HARGEISA (Somaliguardian) – Somalia’s former deputy prime minister Mohamed Omar Arte has been granted a presidential pardon on Sunday after renouncing his views against Somaliland independence during a visit to Hargeisa.
In a statement issued by the Somaliland president Muse Bihi Abdi, it was officially announced that Arte was granted a pardon following consultations with traditional leaders and the attorney general.
The statement added that the president took the decision considering Arte’s move to renounce his views.
Similar to Arte, Somaliland administration earlier granted pardons to Ahmed Ismael Samatar who had earlier run for Somalia president, former FM Ismael Hurre Buba and other renowned politicians.
What is the motive behind former deputy PM’s move?
Mr Arte has recently arrived in Hargeisa, the capital of the break-away state, reportedly visiting his father who is ill in the city. Somaliland authorities do not usually allow members of the Somali federal government to live or travel inside its territory.
The former deputy prime minister was forced to renounce his political views, a condition that was standing to the way of visiting his father and president Bihi’s subsequent statement corroborated media reports that Arte had quitted federal parliament.

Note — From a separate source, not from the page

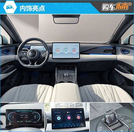 内饰方面,海豹06 DM-i延续了海洋网一贯的家族式设计,中控台通过大量柔和线条勾勒,看上去非常舒展。配备的多功能方向盘、全液晶仪表与悬浮式中控屏,对于科技感的营造非常到位。此外,造型小巧的水晶换挡杆搭配上周围的哑光面板,提升了车内的整体质感。

What political message could the move send?
For many, the move sends a political message that the federal government cannot rely on officials serving senior posts from Somaliland, who if they wish to return to break-away state would be forced to apply for presidential pardon, renouncing their political views.
The frequent announcements of pardons granted to federal government officials renouncing Somalia politics, showcase the de facto administration’s power to quell the influence of politicians against its separatist cause.
The defection of Mohamed Omar Arte is a major blow to the federal government and its claims that Somaliland is part of its territory. He is the son of Somalia’s former Prime Minister in 1991-1993 and FM, Omar Arte, a man who wielded greater political influence in the Horn of Africa nation before the collapse of Siad Barre’s military regime.